# Emulsion lifting with holograms?



## IguanaGuy (Dec 1, 2003)

Hello all.  I was referred here by a fellow holographer from our hangout at http://www.network54.com/Hide/Forum/205174 who was asking if any of us had tried emulsion lifting with holography.

So far it doesn't seem that anyone has tried that and I'd like to give it a shot.

I've read a few posts here as well as the description of the process at alternativephotography.com and I was curious if anyone here had ever tried the process using an emulsion that was attached to an acetate base.

I've not a number of trash holograms that I can sacrifice to see what happens and I may try that tonight or in the morning.

Any input is appreciated.

http://www.dragonseye.com/Holography/index.html


----------



## Ambrosia (Sep 23, 2004)

I'm imagine if you could find away to expose the hologram onto the polaroid film, it would work.
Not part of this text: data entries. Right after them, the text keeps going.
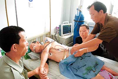 8月13日,山西省运城市临猗县人民医院,几位亲属在照顾一位乙脑感染者。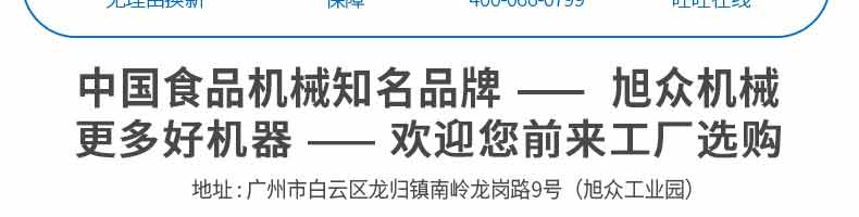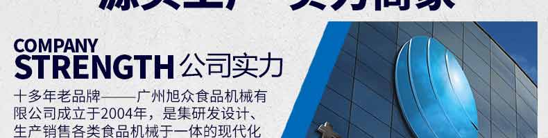 廣州旭眾食品機(jī)械有限公司是一家集科研開(kāi)發(fā),生產(chǎn)設(shè)計(jì),營(yíng)銷(xiāo)服務(wù)為一體的現(xiàn)代化生產(chǎn)企業(yè)?,F(xiàn)代化生產(chǎn)車(chē)間,精湛制造技術(shù),所產(chǎn)機(jī)械歷經(jīng)市場(chǎng)重重考驗(yàn),不斷贏得海內(nèi)外客戶的贊譽(yù)。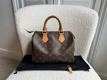 Louis Vuitton Speedy 25 in Monogram canvas with gold hardware. The classic speedy style is one of Louis Vuitton's most popular styles and is often sold out online and in store. This style is timeless and elegant and is perfect for day to day use. Slightly slouchy in shape, the Speedy features rolled leather handles and signature padlock and can be carried by hand or in the crook of the arm. 2000 year.

You can expose Polaroid film in the darkroom with an enlarger.  Maybe try it that way?


----------



## IguanaGuy (Oct 2, 2004)

Thanks for the reply.  Unfortunately, holograms can't be made on traditional photo film because the grain size is too large.

I did try lifting the emulsion from the film I've got but the acetate and emulsion are to tightly coupled.

I may try it again some day.


----------